Genus-level microbial composition of intermittent SANC nostrils. Relative abundance of genera detected by 16S amplicon sequencing of nostril swabs collected from intermittent S. aureus carriers. (Top) 11 S. aureus-negative intermittent nostrils. (Bottom) 11 S. aureus-positive intermittent nostrils. The top 30 genera detected in human nostrils are shown, along with remaining reads shown in dark green.

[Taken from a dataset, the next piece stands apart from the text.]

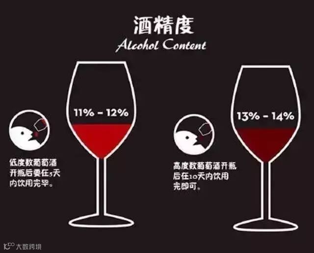一般来说,葡萄酒的酒精度大都在8%-15%之间,它主要由葡萄果实中的含糖量决定的。但是不同酒精度的葡萄酒的饮用时长是不同的。
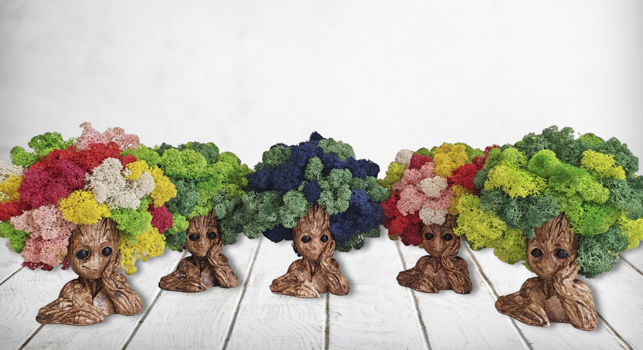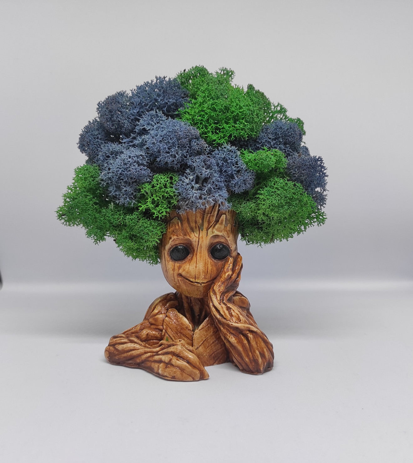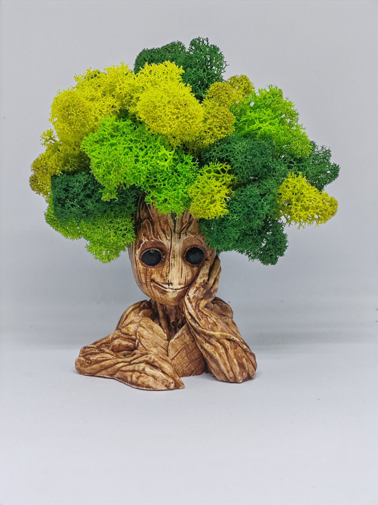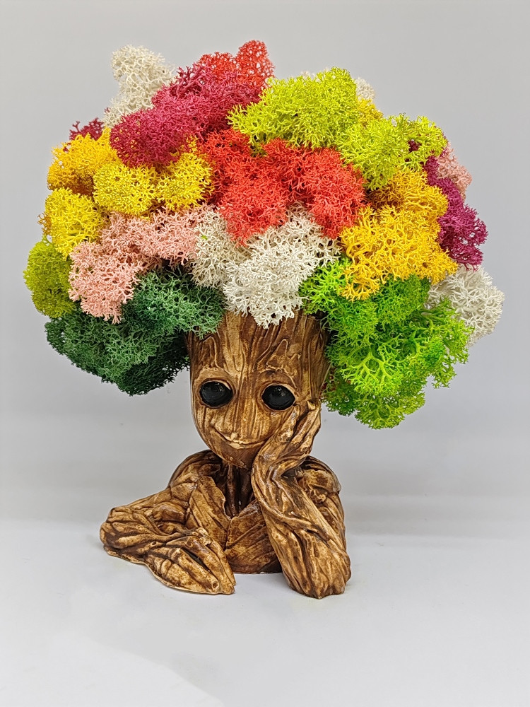 Декорация Грут със скандинавски мъх . Подарък за всеки повод. Грут пазителя на галактиката. Страхотна декорация със скандинавски мъх за всеки любител на това сладко човече. Изработен от гипсокерамика и декориран с тези страхотни цветове скандинавски мъх, той се превръща в прекрасен подарък за всеки повод или без повод. Размер: 16см.Изработен от керамичен гипс и декорирана с естествен Скандинавски мъх. Мъха не изисква почти никаква поддръжка. Той не се полива, не се тори, а се храни от влажността на помещението. Идеален подарък за всеки повод. Ние от Ателие за подаръци можем да изработим перфектният подарък за вас.

Download FIG S2, PDF file, 0.1 MB ^{(88.2KB, pdf)} .

Copyright © 2021 Cole et al.

This content is distributed under the terms of the Creative Commons Attribution 4.0 International license.

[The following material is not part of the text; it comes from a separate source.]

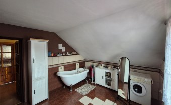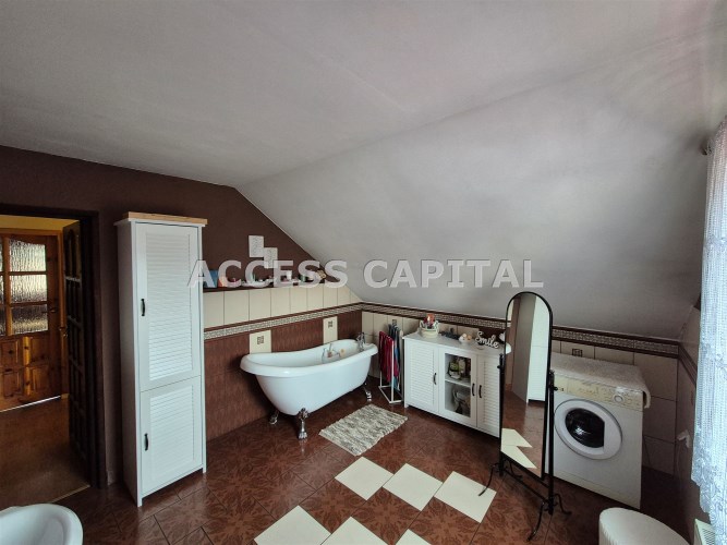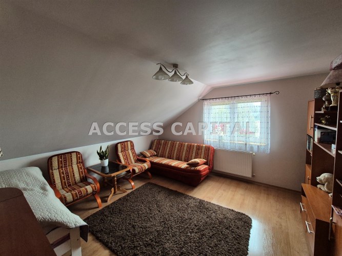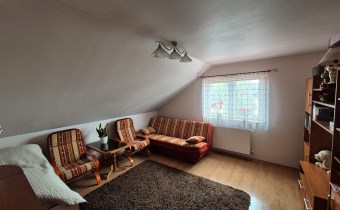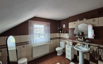 Dom oddany do użytkowania w 2005r i składa się z pięciu pokoi , jasnej dużej kuchni, dwóch łazienek z wc, wiatrołapu, garderoby , strychu, kotłowni oraz tarasu. W bryle budynku znajduje się również duży garaż.

Identification of species associated with S. aureus culture-negative noses.

We next took a two-pronged approach to identifying nasal microbiome species that might disfavor S. aureus colonization. Six subjects, each of whom had submitted regular swabs for at least 3 months and thus presented a known SANC status, self-collected nasal swabs twice weekly. With the first swab, SANC status was confirmed by identification of S. aureus colonies on CHROMagar S. aureus plates, and in parallel, isolation of non-Staphylococcus species was attempted by culturing nasal samples on MacConkey II and Leeds agars, which favor growth of Gram-negative species. The six subjects comprised 3 noncarriers, 2 persistent carriers, and 1 carrier with an ∼80% S. aureus-positive swab rate over 3 years of monitoring. In general, noncarrier donor swabs yielded tens to hundreds of colonies on MacConkey II and Leeds agars, while SANC donor swabs yielded no CFU on MacConkey II agar and few CFU on Leeds agar. Dozens of colonies were plucked and cultured overnight in nutrient broth, followed by identification by 16S PCR/Sanger sequencing. The most common isolate from noncarrier noses was Klebsiella aerogenes, followed by Citrobacter koseri and Klebsiella oxytoca. For the Leeds agar CFU cultured from S. aureus-positive swabs, nearly all colonies (18 of 21) were identified as Staphylococcus (epidermidis, haemolyticus, and hominis), and no Klebsiella or Citrobacter species were detected.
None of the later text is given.